A violation of this act or of any order or regulation adopted by the department or of permits issued by the department shall constitute a public nuisance.

35 P.S. § 6021.1304.

Section 6021.1304 clearly establishes violations of the STSPA as public nuisances thereby prescribing the standard of conduct through a legislative enactment. We find that *479 because private actions are authorized under the act, the STSPA contemplated the protection of the individual, as well as the public at large. The statute declares that storage tank releases are a threat to public health and safety. 35 P.S. § 6021.102(b). In addition to permitting the Commonwealth to commence suit to abate the public nuisance created by a violation, the legislature recognized the need to protect individuals harmed by the releases and, therefore, provided for their private actions.[4]

Because the STSPA differs from the CSL and SWMA, as we have discussed previously, cases interpreting those other acts are not binding on our determination. The legislature clearly intended to treat storage tank releases in a different manner than the harms caused by these other acts. We find that Restatement (Second) of Torts § 286 applies in these circumstances, and, therefore, find that a violation of the STSPA can serve as evidence in a claim of negligence per se.

Because we find that the trial court erred in granting the partial summary judgments, by striking the eighth cause of action in Appellants' complaint, we reverse and remand to the trial court for further proceedings consistent with this opinion.

Reversed and remanded. Jurisdiction relinquished.

NOTES

[1] 1989, July 6, P.L. 169, No. 32, § 101, effective in 30 days.

[2] We note that Pa.R.A.P. 341, 42 Pa.C.S. was amended effective July 6, 1992. This amendment redefined the meaning of a final appealable order. Our present action was commenced prior to the effective date of this amendment and is therefore not governed by it.

[3] We note that Appellees and the trial court rely on judicial interpretation of the Clean Streams Law (CSL), 35 P.S. § 691.1 et seq., in support of their position that a private cause of action does not exist under the STSPA.

We find that reliance on another statute is only warranted when the plain language of the statute in question is ambiguous.
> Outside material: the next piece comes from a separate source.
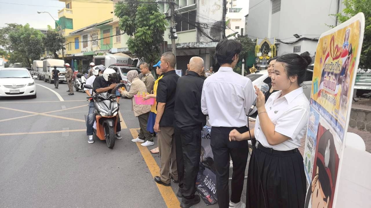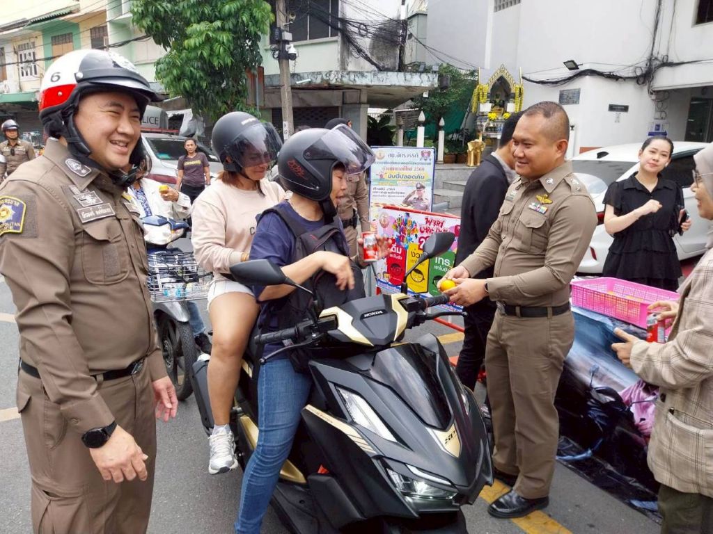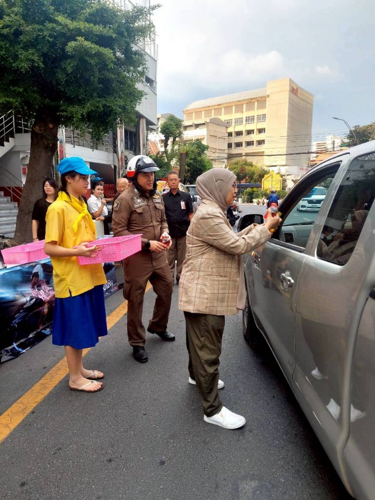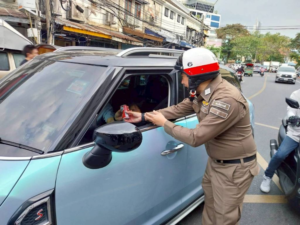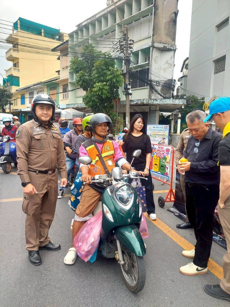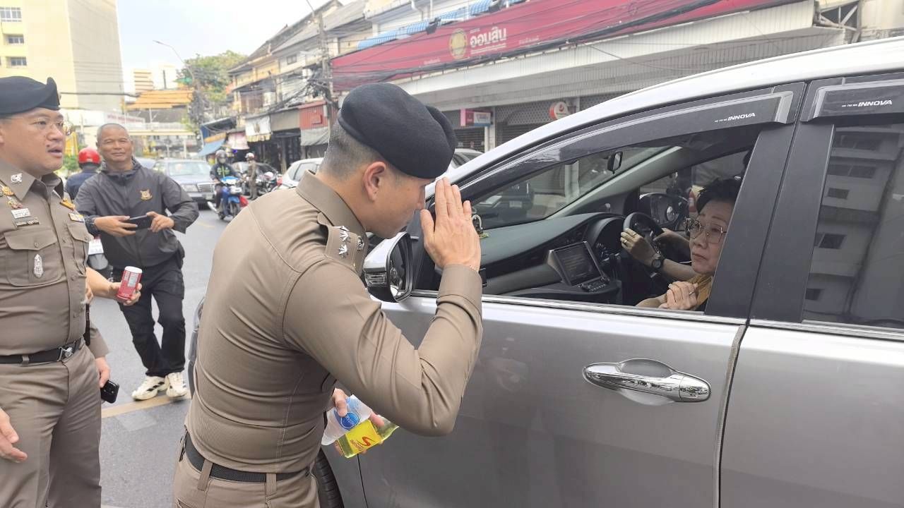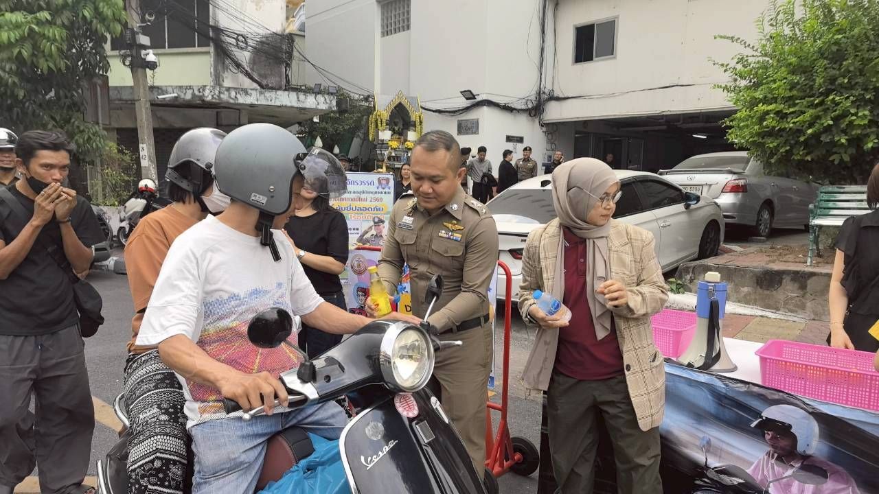 ส่งความสุข "Merry Christmas" ผนึก กต.ตร.-นศ.อาสา แจกเครื่องดื่ม-ผ้าเย็น รณรงค์ขับขี่ปลอดภัยรับปีใหม่ 69

Because we find that the STSPA clearly provides for a private cause of action, and is therefore not ambiguous, it was improper for the court to look to another statute in ascertaining the legislature's intent.
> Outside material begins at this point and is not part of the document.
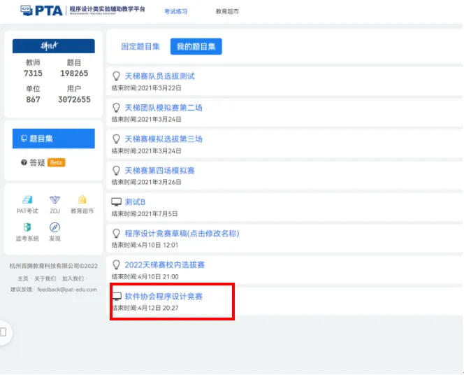 3.返回主页,点击我的题目集,可以找到软件协会程序设计竞赛(4月28日19:00题目集准时开放)。
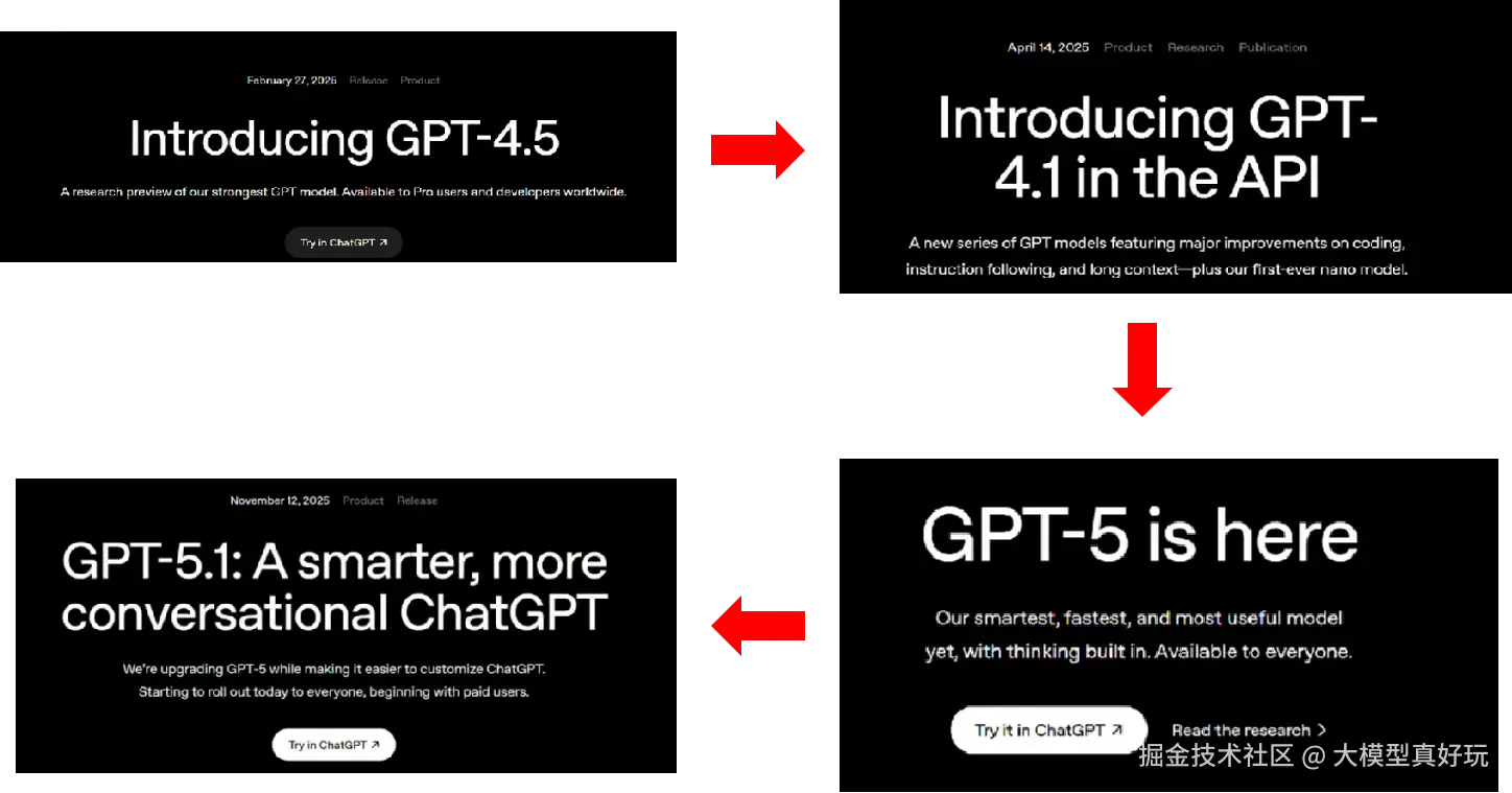 回顾今年,基座模型领域呈现出爆发式的发展态势。笔者曾撰写多篇文章,深入解析了包括DeepSeek系列、Qwen系列和Claude系列在内的主流模型技术演进。而OpenAI作为行业领军者,其更新节奏尤为引人注目:从年初主打高情商对话但成本较高的GPT-4.5,到随后实现降本增效的GPT-4.1,再到在编程推理能力上实现突破但对话体验有所妥协的GPT-5,直至如今实现全面均衡发展的GPT-5.1。这一系列快速迭代,清晰地展现了OpenAI对基座模型最优形态的持续探索。

Even were we to find that the language of the STSPA was ambiguous, the use of the CSL would yield the same result. The trial court considered the CSL to contain very similar language to the STSPA, and Appellees point to the following language:

(c) Except as provided in subsection (e), any person having an interest which is or may be adversely affected may commence a civil action on his own behalf to compel compliance with this act or any rule, regulation, order or permit issued pursuant to this act against the department where there is alleged a failure of the department to perform any act which is not discretionary with the department or against any other person alleged to be in violation of any provision of this act or any rule, regulation, order or permit issued pursuant to this act.

35 P.S. § 691.601(c) (emphasis added). Clearly, the language quoted above differs from the language of the STSPA because it provides for a private action against DER, but does not mention an action against the alleged violator(s). We find, therefore, the CSL to be clearly distinguishable from our present case and would not find that it controls our case even had we found the STSPA language to be ambiguous.

[4] The trial court based its decision on this issue primarily on its earlier finding that the STSPA did not provide a private cause of action. As we have stated previously, this was error. Therefore, the trial court's analysis of this fourth issue is flawed because it is based on an improper premise.